(REQUIRED ACTION) Every line from the top of the records below through the one containing "Оказалось, что недавно" must be copied exactly, and the pictures must not be.

=== Section Start ===

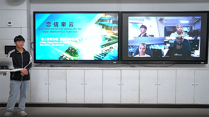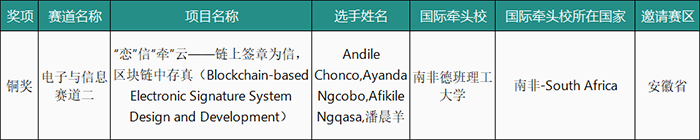本次参赛队由信息技术学院金鑫和陈小祥老师指导,三名南非德班理工大学学生Andile Chonco、Ayanda Ngcobo、Afikile Ngqasa和beat365优秀选手潘晨羊共同组队,以区块链电子签章系统开发为项目内容参赛。该项目来源于该生实际开发的一个区块链电子签章系统项目,系统采用FISCO BCOS作为底层平台,利用区块链技术的去中心化、不可篡改和透明性等特点,确保电子签章的真实性和安全性。该系统实现了电子签章的生成、验证、存储和管理等功能,用户可以通过该系统进行电子文档的签章和验证操作,体现了较高的技术水准和复杂度。
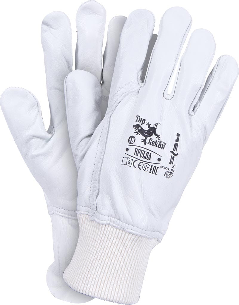 Rękawice budowlane ze skóry bydlęcej licowej w jasnym kolorze
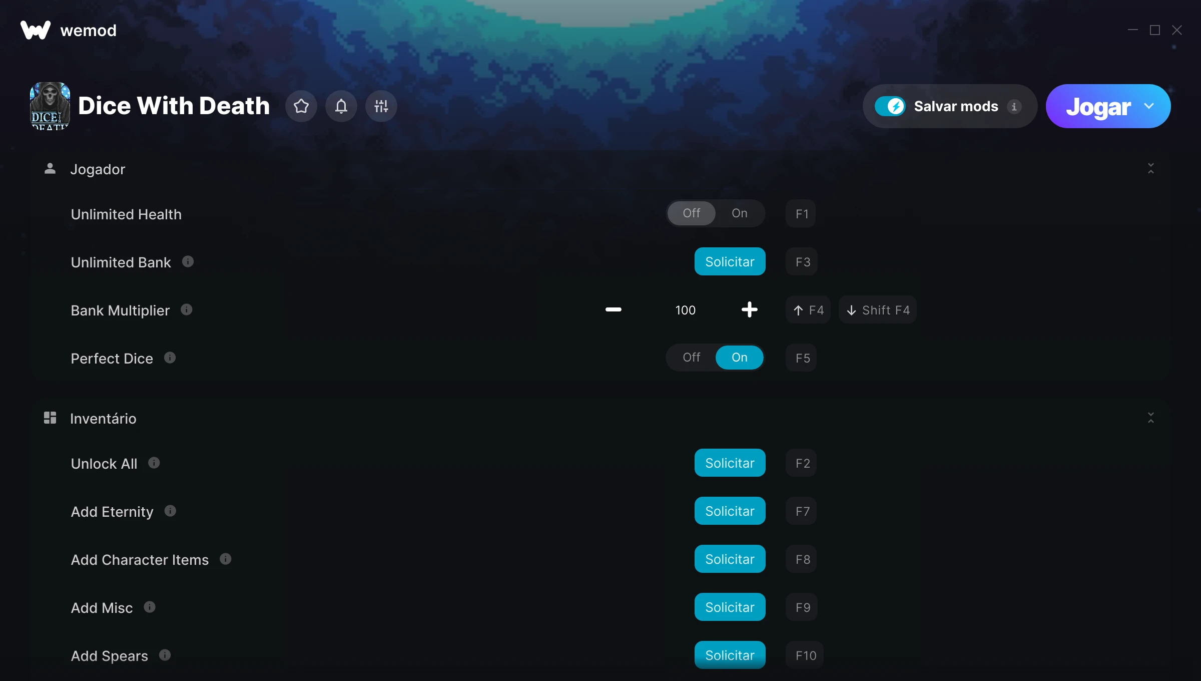 Como uso as trapaças em Dice With Death?O WeMod exibirá todos os jogos no seu PC com segurança. Abra um jogo da lista e simplesmente pressione Jogar. Depois que o jogo for carregado e você estiver no jogo, você poderá começar a ativar diferentes trapaças!Vai funcionar com a minha versão do jogo?O WeMod usa tecnologia avançada para detectar a versão do jogo que você está rodando e avisar se é suportada. Se não for, você ainda terá a opção de tentar assim mesmo ou solicitar uma atualização!
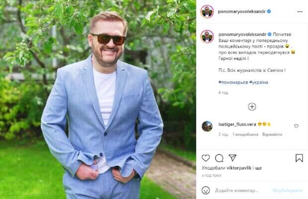 Оказалось, что недавно Александра поругали в комментариях за фото в полицейской форме, так что теперь он решил сфотографироваться в совершенно другом образе. На новом снимке артист запечатлен среди густой летней зелени, сложив руки на поясе и мило улыбаясь. Перед камерой завидный холостяк Пономарев появился в модном светло-синем костюме, под пиджаком которого у него белый свитер, а свой образ он дополнил симпатичными солнцезащитными очками. В подпсии к фотографии Александр написал: "Почитал Ваши комментарии в предыдущем полицейском посту – прозрел, на всякий случай переоделся. Хорошего воскресенья! П.с. Всех журналистов с праздником!". Пользователи тут же взялись комментировать новый образ шоумена: "Хорошего воскресенья! Красавец!", "В любой одежде – самый лучший", "Красавец", "Хорошей воскресенья, хорошего настроения", "Так лучше", "В любом образе, улыбка неизменно красивая", "Так Вам лучше". Напомним, Александр Пономарев в особый день поделился с украинцами своей болью: "Помним, любим! Царство Небесное". Как сообщала Politeka, Злата Огневич решила открыться, что теперь ее связывает с Пономаревым: "Пригласил меня...". Также Politeka писала, Данилко жестко "обломал" Пономарева, хватило одной ноты: "Котенок, ну не получилось".
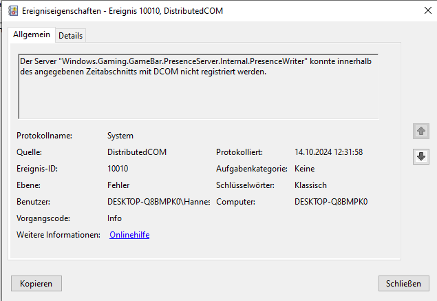 eYc schrieb:Ereignisanzeige kontrollieren, zum Zeitpunkt des Spiele-Starts (bzw. des Versuch's, die Spiele zu starten).
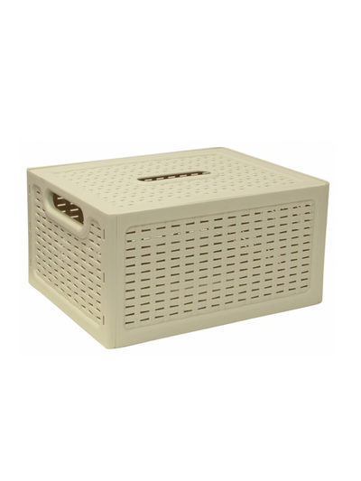 Ящик с крышкой 370х280х190мм РОТАНГ белый ротанг (М-пластика) (М 2375)
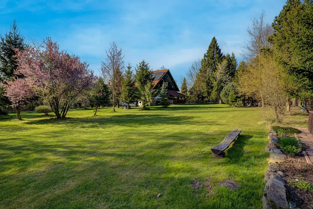 Zahrada je skoro rovinná, jsou zde vzrostlé okrasné keře a stromy, zahradní jezírko, kryté venkovní posezení a přístřešek na auto. Zahradní domek slouží k letnímu využití pro hosty nebo v zimě na uskladnění zahradního nábytku a nářadí.
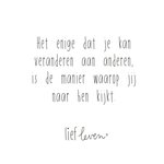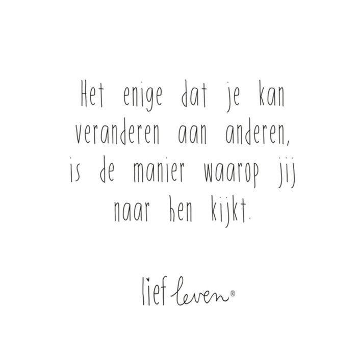 Op deze mooie quote kaart van Lief Leven staat: Het enige dat je kan veranderen aan anderen, is de manier waarop jij naar hen kijkt.
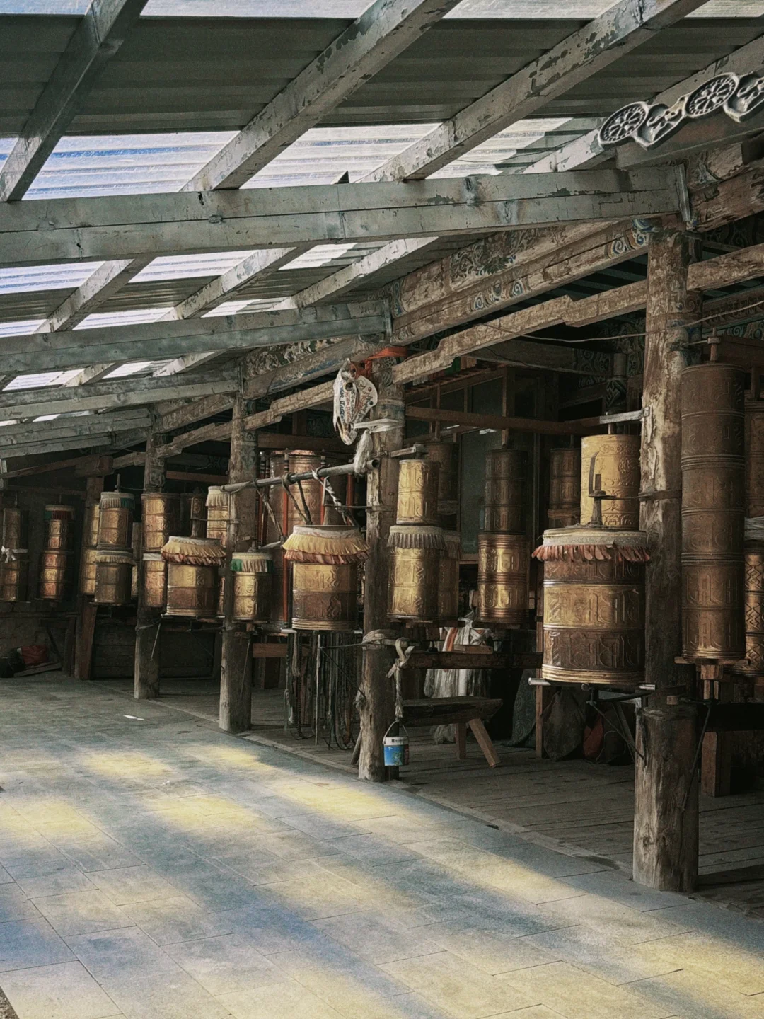 门票40,早上从民宿步行到达景区,一进门映入眼帘的就是超长转经筒,每位藏民都在步履匆匆虔诚地转经。往里走便是寺庙,在入口处,每间隔半小时,会有喇嘛带着游客免费讲解,真的要听下才没白来。我们的讲解员是名18岁的小喇嘛,刚开始因为紧张不敢说话,他的同伴还让游客们一起为他鼓掌鼓励,后来慢慢渐入佳境哈哈。整体有种质朴的感染力。(我们是中午离开的,据说下午下了多年难遇的大冰雹,出门在外是需要点运气的)

=== Section End ===

(RESULT FOR THIS EXERCISE)
本次参赛队由信息技术学院金鑫和陈小祥老师指导,三名南非德班理工大学学生Andile Chonco、Ayanda Ngcobo、Afikile Ngqasa和beat365优秀选手潘晨羊共同组队,以区块链电子签章系统开发为项目内容参赛。该项目来源于该生实际开发的一个区块链电子签章系统项目,系统采用FISCO BCOS作为底层平台,利用区块链技术的去中心化、不可篡改和透明性等特点,确保电子签章的真实性和安全性。该系统实现了电子签章的生成、验证、存储和管理等功能,用户可以通过该系统进行电子文档的签章和验证操作,体现了较高的技术水准和复杂度。
 Rękawice budowlane ze skóry bydlęcej licowej w jasnym kolorze
 Como uso as trapaças em Dice With Death?O WeMod exibirá todos os jogos no seu PC com segurança. Abra um jogo da lista e simplesmente pressione Jogar. Depois que o jogo for carregado e você estiver no jogo, você poderá começar a ativar diferentes trapaças!Vai funcionar com a minha versão do jogo?O WeMod usa tecnologia avançada para detectar a versão do jogo que você está rodando e avisar se é suportada. Se não for, você ainda terá a opção de tentar assim mesmo ou solicitar uma atualização!
 Оказалось, что недавно Александра поругали в комментариях за фото в полицейской форме, так что теперь он решил сфотографироваться в совершенно другом образе. На новом снимке артист запечатлен среди густой летней зелени, сложив руки на поясе и мило улыбаясь. Перед камерой завидный холостяк Пономарев появился в модном светло-синем костюме, под пиджаком которого у него белый свитер, а свой образ он дополнил симпатичными солнцезащитными очками. В подпсии к фотографии Александр написал: "Почитал Ваши комментарии в предыдущем полицейском посту – прозрел, на всякий случай переоделся. Хорошего воскресенья! П.с. Всех журналистов с праздником!". Пользователи тут же взялись комментировать новый образ шоумена: "Хорошего воскресенья! Красавец!", "В любой одежде – самый лучший", "Красавец", "Хорошей воскресенья, хорошего настроения", "Так лучше", "В любом образе, улыбка неизменно красивая", "Так Вам лучше". Напомним, Александр Пономарев в особый день поделился с украинцами своей болью: "Помним, любим! Царство Небесное". Как сообщала Politeka, Злата Огневич решила открыться, что теперь ее связывает с Пономаревым: "Пригласил меня...". Также Politeka писала, Данилко жестко "обломал" Пономарева, хватило одной ноты: "Котенок, ну не получилось".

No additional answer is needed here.